República de Colombia Corte Suprema de Justicia Radicado nº 78360 LUZ MARINA AMÓRTEGUI GUZMÁN Impugnación CORTE SUPREMA DE JUSTICIA SALA DE CASACIÓN PENAL SALA DE DECISIÓN DE TUTELAS EUGENIO FERNÁNDEZ CARLIER Magistrado Ponente ATP1450-2015 Radicación nº 78360 (Aprobado en Acta nº 104) Bogotá, D.C., diecisiete (17) de marzo de dos mil quince (2015).
Sería del caso resolver la impugnación interpuesta por la accionante LUZ MARINA AMÓRTEGUI GUZMÁN contra la sentencia de 2 de febrero de 2015, emitida por la Sala Penal del Tribunal Superior del Distrito Judicial de Villavicencio, por cuyo medio declaró improcedente la acción de tutela instaurada contra la Unidad de Gestión Pensional y Parafiscales -UGPP- y el Ministerio de Hacienda y Crédito Público, por la presunta vulneración de sus derechos fundamentales al debido proceso, a la igualdad y al mínimo vital, sino se observara una causal de nulidad que afecta el trámite surtido.
ANTECEDENTES Fueron resumidos por el Tribunal a quo de la forma como sigue: Expone la accionante que convivió durante nueve años con el señor Gilberto Rodríguez Pardo q.e.p.d., quien tenía la condición de pensionado, unión marital de la cual nacieron y existen dos hijos, Javier y Judy Rodríguez Amórtegui.
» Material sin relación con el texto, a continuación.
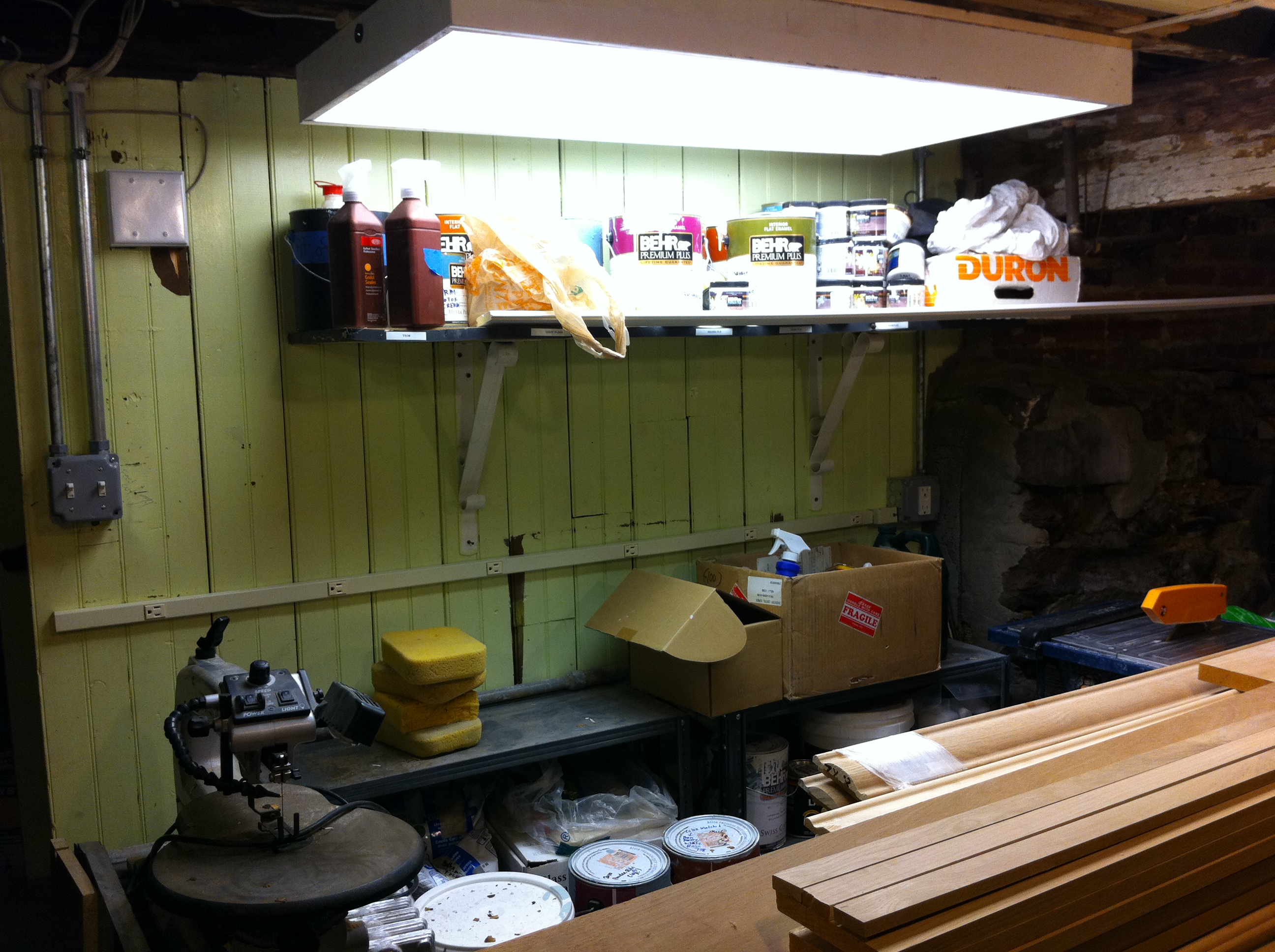 We now have a power strip, and a bright fluorescent light, currently highlighting some of our paint collection, trim, jigsaw and tile saw.

Manifiesta que al momento del fallecimiento de su compañero permanente, por ser una mujer analfabeta, aceptó la ayuda del hijo mayor del extinto pensionado, el señor Fabián Omar Rodríguez Hernández, quien aduce actuó de mala fe, en complicidad con funcionarios indeterminados de la división de pensiones de la Caja Agraria para reunir los requisitos y presentar su solicitud de sustitución pensional, proceso en virtud del cual se dictó la resolución N° 1413 del 30 de abril de 1992, expidiéndose la pensión de sobrevivientes a favor de sus hijos, la cual fue recibida por ellos hasta el 05 de febrero de 2010, luego de haber cumplido 25 años y terminados sus estudios profesionales.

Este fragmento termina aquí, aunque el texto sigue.